• _ABOUT THIS TASK_:
Transcribe the listing below in full, exactly, with no images.

GIVEN DATA section start

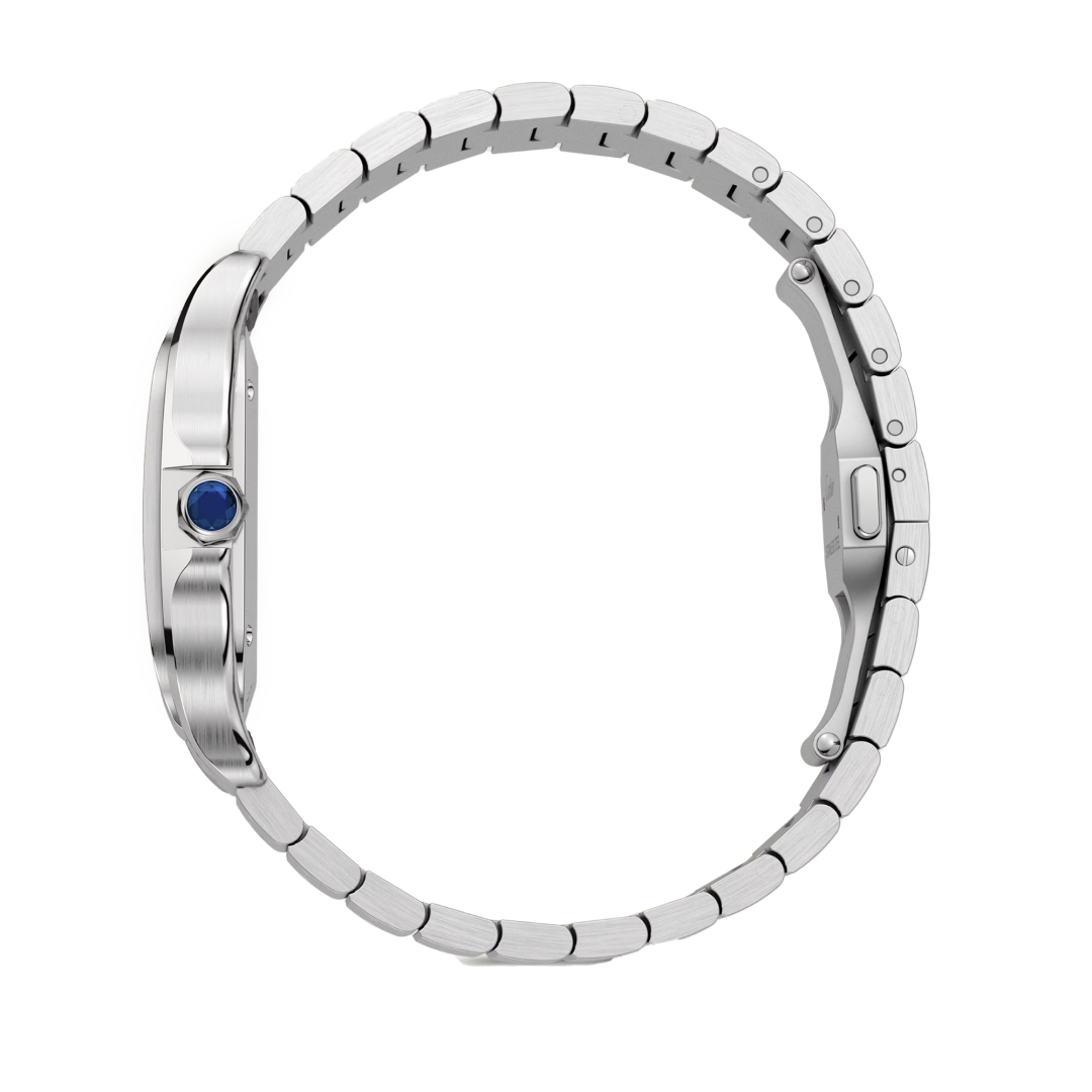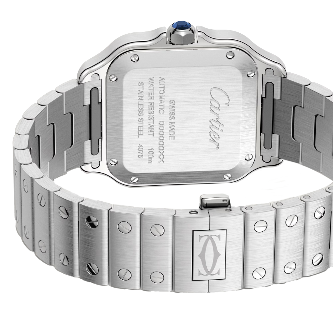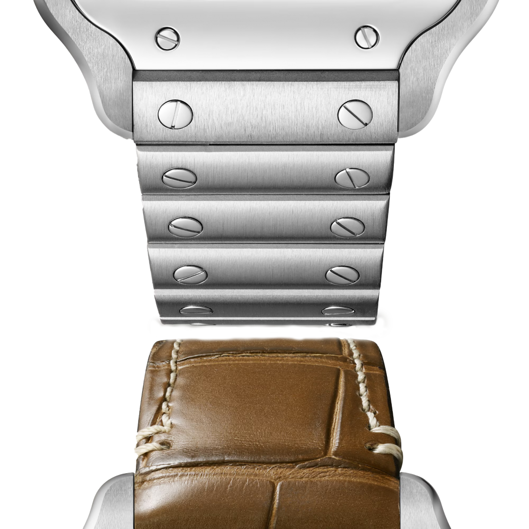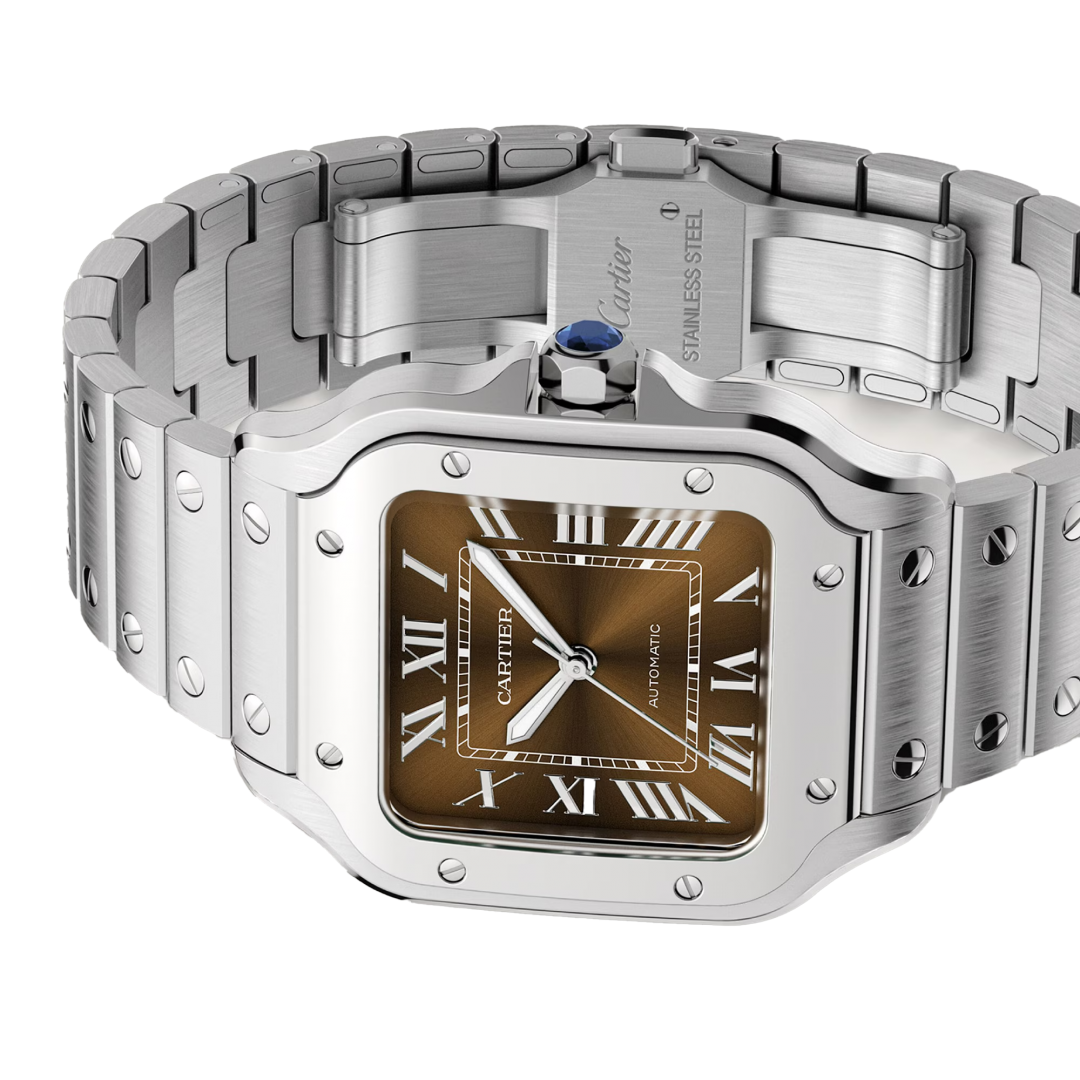 Herren luxus- uhr Cartier Santos de Cartier Mittleres Metallgehäuse zwei austauschbare Riemen. Die Uhr hat folgende Funktionen: Datum. Die Grundparameter der Uhr sind: ziffernblattfarbe ist braun, bewegungsart ist mechanische Uhr mit automatischem Aufzug, armbandmaterial ist bőr und acél und wasserabweisend ist 100 m.
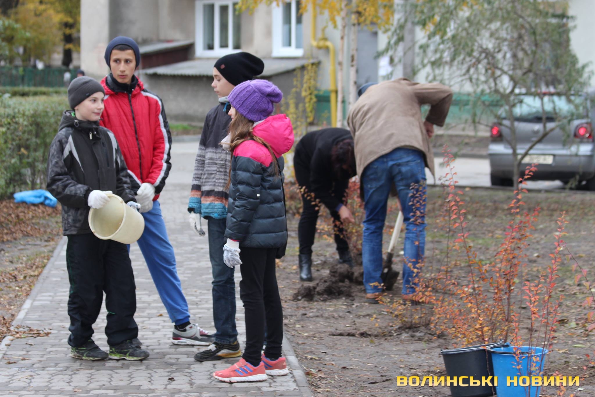 Колективний «суботник» з нагоди відкриття дитячого майданчика та озеленення прибудинкових територій по проспекту Волі, 45 та Київському майдані, 11 відбувся у четвер, 27 жовтня.
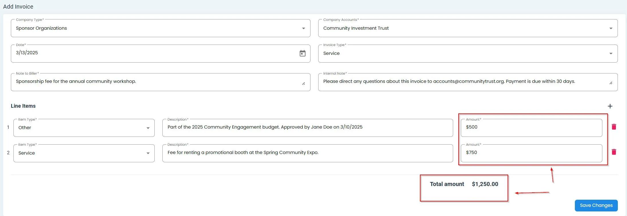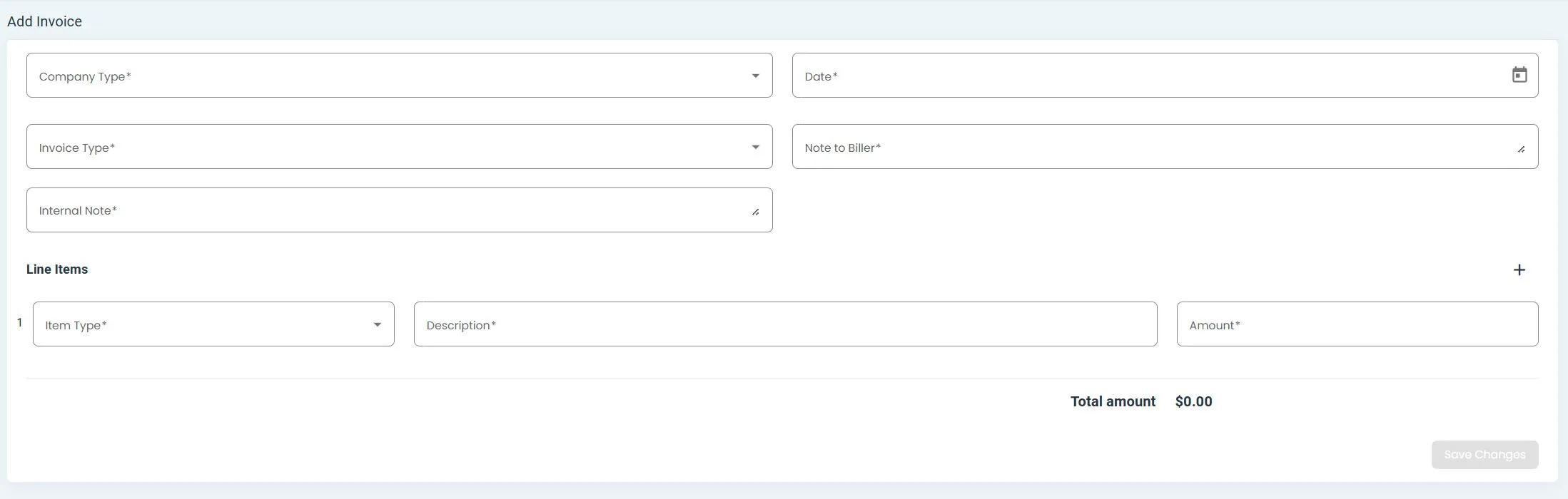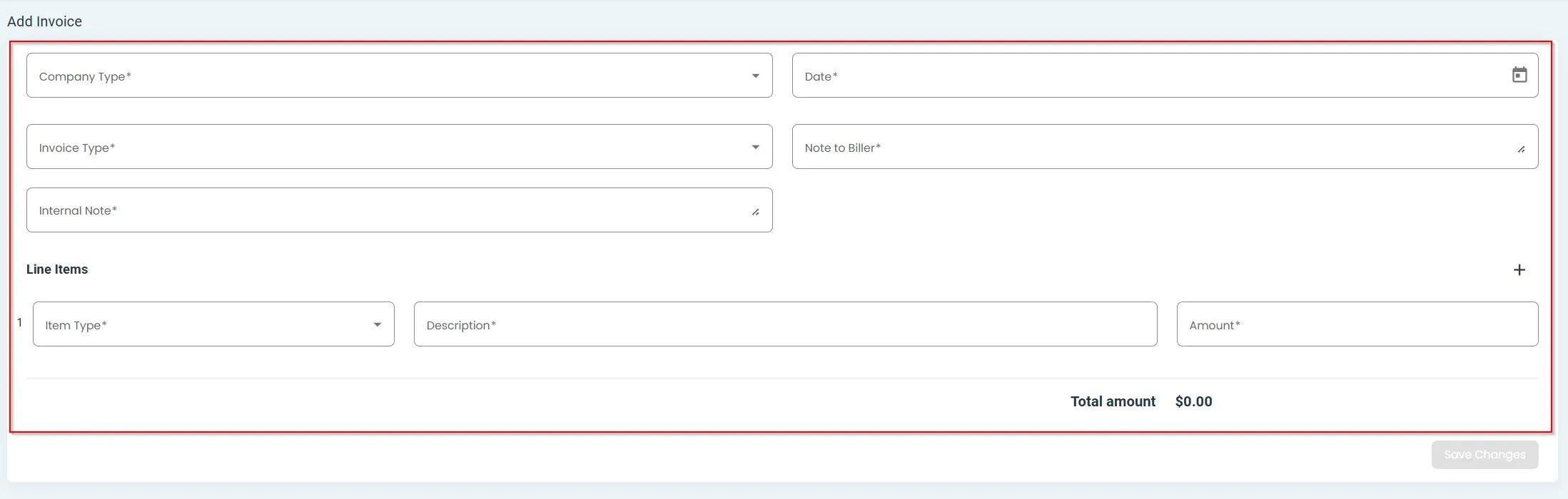 Item: All fields are requiredAll fields are required for creating a new invoice.

GIVEN DATA section end

• _EXERCISE RESULT_:
 Herren luxus- uhr Cartier Santos de Cartier Mittleres Metallgehäuse zwei austauschbare Riemen. Die Uhr hat folgende Funktionen: Datum. Die Grundparameter der Uhr sind: ziffernblattfarbe ist braun, bewegungsart ist mechanische Uhr mit automatischem Aufzug, armbandmaterial ist bőr und acél und wasserabweisend ist 100 m.
 Колективний «суботник» з нагоди відкриття дитячого майданчика та озеленення прибудинкових територій по проспекту Волі, 45 та Київському майдані, 11 відбувся у четвер, 27 жовтня.
 Item: All fields are requiredAll fields are required for creating a new invoice.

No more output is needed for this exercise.